Cancer and Mental Health

The personal fight against cancer is an existential, life-altering struggle that is not only physical, but also mental. It may sound trite, but without winning the mental battle, the physical battle becomes all the more difficult. The experience of cancer is very painful for both patients and those around them.

One in three people with cancer will experience a mental health issue before, during or after treatment, compared with the global figure of one in four people. Suicide rates among those with cancer are significantly higher (about twice as common) as in the general population. In those with cancer types with higher rates of morbidity (i.e., with a high level of debilitating symptoms), such as head, neck, lung and pancreatic cancers, the rates are significantly higher than that. Despite this, the links between cancer and mental health have received little attention over the years.

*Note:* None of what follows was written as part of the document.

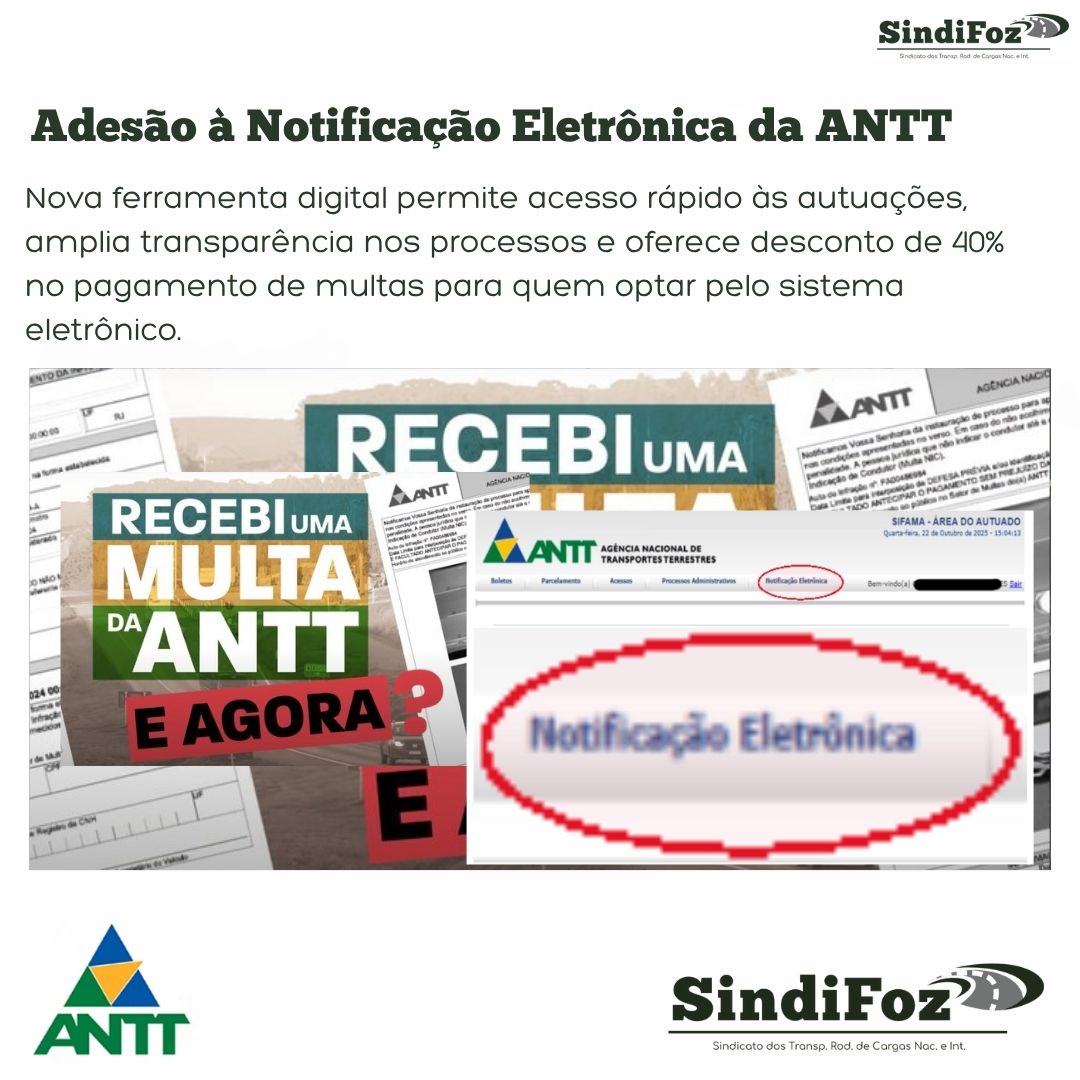 Adesão à Notificação Eletrônica da ANTT Facilidade, transparência e desconto de 40% no pagamento de multas.

According to the Mental Health Foundation, a cancer diagnosis has a significant emotional impact because it robs people of their independence, isolates and frightens them, and affects their self-esteem. They have shown that these problems commonly arise at the end of cancer treatment, often with little or no emotional health support available. In fact, the lack of mental wellbeing support for cancer survivors is widespread. Many speak of feeling as though they had “fallen off the edge of a cliff” and of feeling lost, isolated, and abandoned when the support of cancer specialist services suddenly stops with the end of treatment. Of those asked, 60% said that one-to-one counselling and 30% said peer support groups would have improved their mental wellbeing during and after treatment.

The psychological impact of cancer

According to MacMillan, it is common to experience a wide range of emotional responses when diagnosed with cancer. These are perfectly normal but may turn into more serious issues over time if not addressed. A cancer patient may experience:

  • Shock and denial: you may find it hard to believe that you have cancer when you are first diagnosed.
  • Fear: it is very common and perfectly normal to experience fear or even terror when you have cancer. You should not be ashamed of feeling this way.  
  • Sadness: a natural reaction to change or loss. You may feel you have been robbed of the future you thought you would have as your life changes.
  • Avoidance: you may cope by trying not to find out much about the cancer or not talking about it. You should seek help from the healthcare team for this, but don’t give up your boundaries. If you don’t want to talk right away, you don’t have to.
  • Anger: anger is a common emotion in people with cancer, ranging from feelings of “why me?” to resentment of others who don’t have cancer.
  • Guilt and blame: you may feel guilty or blame yourself for the cancer, perhaps because of high-risk behaviours. You may look for something or someone to blame for your diagnosis.
  • Feelings of extreme isolation and loneliness: you might feel isolated by your diagnosis as a result of fatigue (going out less) or by the feeling that nobody understands what you’re going through. There is also a common reluctance to ‘burden’ others. If you live alone, this can add extra stress to an already difficult situation and further increase feelings of isolation and fear.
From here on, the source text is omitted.